Most people come to therapy because they want change to happen, and nowhere is this more true than in the field of addiction.
Addicts are often unrealistic; they expect someone else to change rather than themselves – a partner, boss or loved one. Sometimes they think that a purely external factor needs to change, such as moving to live in another country. Sometimes they even expect the therapist to change. They don’t want to look at themselves; all they really want is a result: for the pain to cease.
The medical world has long been built around a passive ‘doctor – patient’ relationship, with the idea that the patient can lie back and wait for someone to fix them. Even the word ‘patient’ implies the act of waiting and enduring, rather than actively taking part in your own recovery. This is particularly problematic for addiction therapy, and newcomers to addiction treatment can have misconceptions about how it actually works. Often they think it will be like a hospital visit, that someone else is going to do all the hard work for them. But with therapy this is not the case. Nobody else can fix them. The patient has to take responsibility for this themselves.
Just understanding this fact is one of the hardest parts of recovery. Many addicts are stuck in ‘victim mode’, which means that they find it easier to blame circumstances or other people for their addiction rather than themselves. Blaming an unhappy childhood, for example, can be a perfect excuse for some to keep their habit going, while deciding to leave the comfort zone and do things differently can be a scary prospect. But it must be done. As the great psychotherapist and addiction expert Carl Jung said, “I am not what happened to me. I am what I choose to become”.
So therapy is all about change? Wrong – a large part of therapy is about acceptance. It is the combination of these two aspects that will make the therapeutic process work. As Reinhold Niebuhr put it in the Serenity Prayer:
“God grant me the serenity to accept the things I cannot change, courage to change the things I can and the wisdom to know the difference”.
First off, the ground rules have to be established: at their simplest, the patient has to bring to the process the three basics of honesty, openness and willingness to change; without these, a successful outcome is unlikely. In return, the therapist must bring to the patient respect, empathy and understanding. With these ground rules in place, a healthy therapeutic relationship can be established.
But for progress to be made, it then becomes crucial for the patient to take responsibility for recovery, which means surrendering to the treatment programme and doing whatever it takes to recover, in the same way as a person with any form of terminal illness will follow a recovery programme that offers hope of success. In reality, these things are not so different: addiction too is often a terminal illness, if left untreated.

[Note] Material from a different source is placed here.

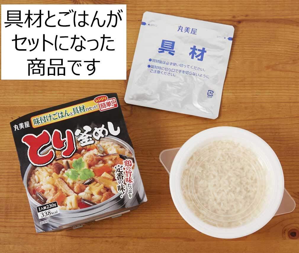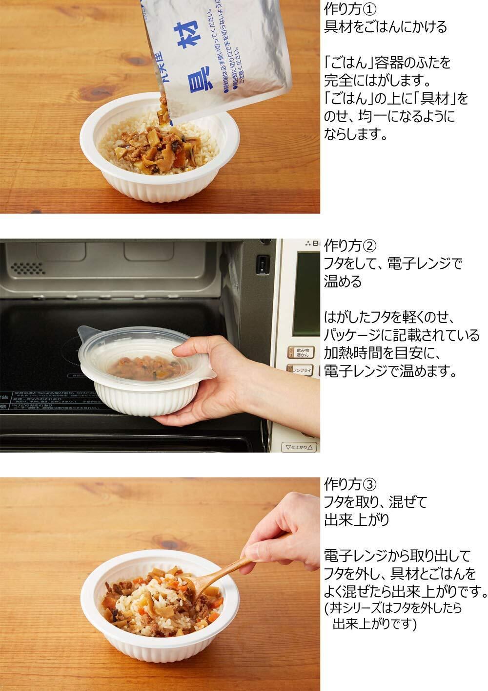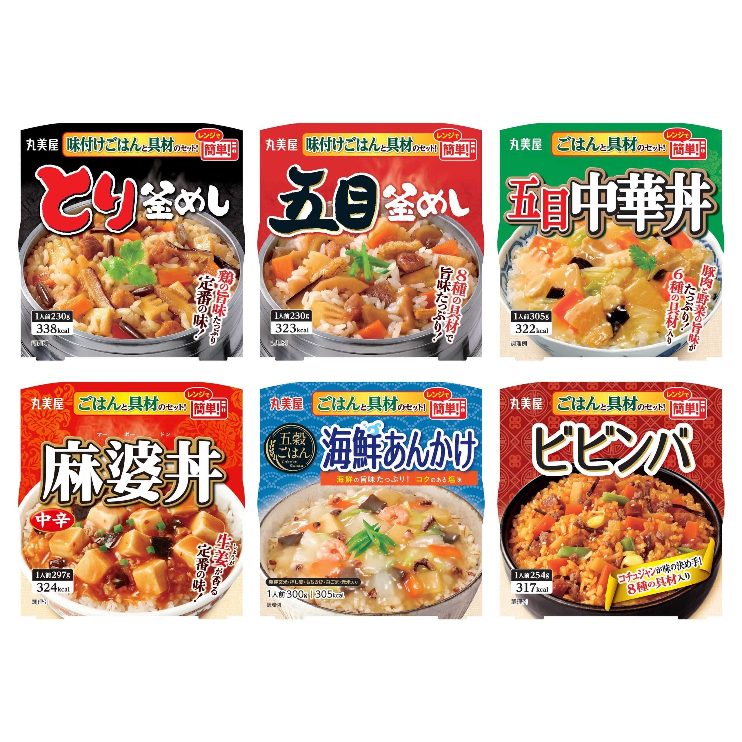 「とり釜めし味付けごはん付き」:[ごはん]うるち米(国産)、果糖ぶどう糖液糖、発酵調味料、醤油、食塩、チキンエキス/酸味料、(一部に小麦・大豆・鶏肉を含む)[具材]野菜(にんじん、筍、わらび)、鶏肉、醤油、椎茸、発酵調味料、砂糖、大豆油、たん白加水分解物、エキス(鰹節、酵母)/調味料(アミノ酸等)、(一部に小麦・大豆・鶏肉・豚肉を含む)| 「五目釜めし味付けごはん付き」:[ごはん]うるち米(国産)、果糖ぶどう糖液糖、発酵調味料、醤油、食塩、チキンエキス/酸味料、(一部に小麦・大豆・鶏肉を含む)[具材]野菜(にんじん、ごぼう、筍、れんこん)、鶏肉、こんにゃく、醤油、椎茸、発酵調味料、油揚げ、砂糖、大豆油、食塩、エキス(鰹節、酵母)、酵母エキスパウダー/調味料(アミノ酸)、(一部に小麦・大豆・鶏肉を含む)| 「五目中華丼ごはん付き」:[ごはん]うるち米(国産)/酸味料[具材]野菜(筍、にんじん、白菜、ヤングコーン)、豚肉、きくらげ、ごま油、砂糖、ソテーオニオン、エキス(酵母、あさり、チキン、帆立)、にんにくペースト、醤油、生姜ペースト、食塩、りんご酢、胡椒/増粘剤(加工でん粉)、調味料(アミノ酸等)、(一部に小麦・ごま・大豆・鶏肉・豚肉・りんごを含む)| 「麻婆丼<中辛>ごはん付き」:[ごはん]うるち米(国産)/酸味料[具材]豆腐、鶏肉、きくらげ、粒状植物性たん白、醤油、砂糖、豆板醤、ごま油、エキス(チキン、酵母)、大豆油、にんにくペースト、生姜ペースト、たん白加水分解物、食塩、りんごペースト、りんご酢/増粘剤(加工でん粉、増粘多糖類)、調味料(アミノ酸等)、トレハロース、豆腐用凝固剤、着色料(カラメル、カロチノイド)、(一部に小麦・ごま・大豆・鶏肉・豚肉・りんごを含む)| 「五穀ごはん海鮮あんかけ」:[ごはん]うるち米(精白米(国産)、発芽玄米(国産))、大麦、きび、いりごま、赤米(国産)、チキンエキス/酸味料、トレハロース、(一部にごま・鶏肉を含む)[具材]野菜(白菜、筍、にんじん、生姜)、魚肉(いか、えび)、きくらげ、ごま油、砂糖、食塩、エキス(チキン、ポーク、鰹)、にんにくペースト、香辛料、たん白加水分解物、香味油、酵母エキスパウダー/増粘剤(加工でん粉、キサンタン)、調味料(アミノ酸等)、pH調整剤、(一部にえび・いか・ごま・大豆・鶏肉・豚肉を含む)| 「ビビンバごはん付き」:[ごはん]うるち米(国産)/酸味料[具材]野菜(にんじん、筍、れんこん、大豆もやし、山くらげ)、コチュジャン、砂糖、醤油、ごま油、牛肉、きくらげ、にんにくペースト、ごま、香味油、魚介エキス、食塩、香辛料/調味料(アミノ酸)、増粘剤(キサンタン)、カロチノイド色素、(一部に小麦・牛肉・ごま・大豆を含む)

Then comes the often painful but essential process of facing reality, which will probably mean dealing with the denial that many addicts have towards their condition and its consequences. There are three essential truths that the patient must admit and accept:
This is what your behaviour was like
This is how it makes others feel and think about you
This is how it makes you feel about yourself.
By accepting this reality, the patient becomes ready to face the crucial questions: how do you feel about this situation and what do you, with help, want to do about it?
Getting to this point is hard, but there are two things that have proved incredibly effective in helping along the way: group therapy and something less tangible – the ‘X Factor’ of spirituality. Together, these two make up the corner stones of the highly unusual but remarkably effective model of the 12 step therapy programme, which was introduced by the founding fathers of the Alcoholics Anonymous movement in the mid 1930’s.
The inclusion of spirituality – the concept that recovering addicts need help from a ‘power greater than themselves’ (it does not have to be a God of any particular religion) – may be seen as a logical progression after the addict has fully admitted and accepted the powerlessness and unmanageability in their lives that was caused by addiction. By asking for help and exploring their spiritual side, many patients find that they are filling a void created by the absence of addiction.
It does not stop there however. In fact it never stops at all, until we are dead. Change and acceptance can be undone and addiction is only ever in remission – an addict is never ‘cured’. The new habits and attitudes that are learnt in the first periods of recovery must be nurtured even decades later. Sobriety can be the start of a happy and fulfilling life – but the price is eternal vigilance.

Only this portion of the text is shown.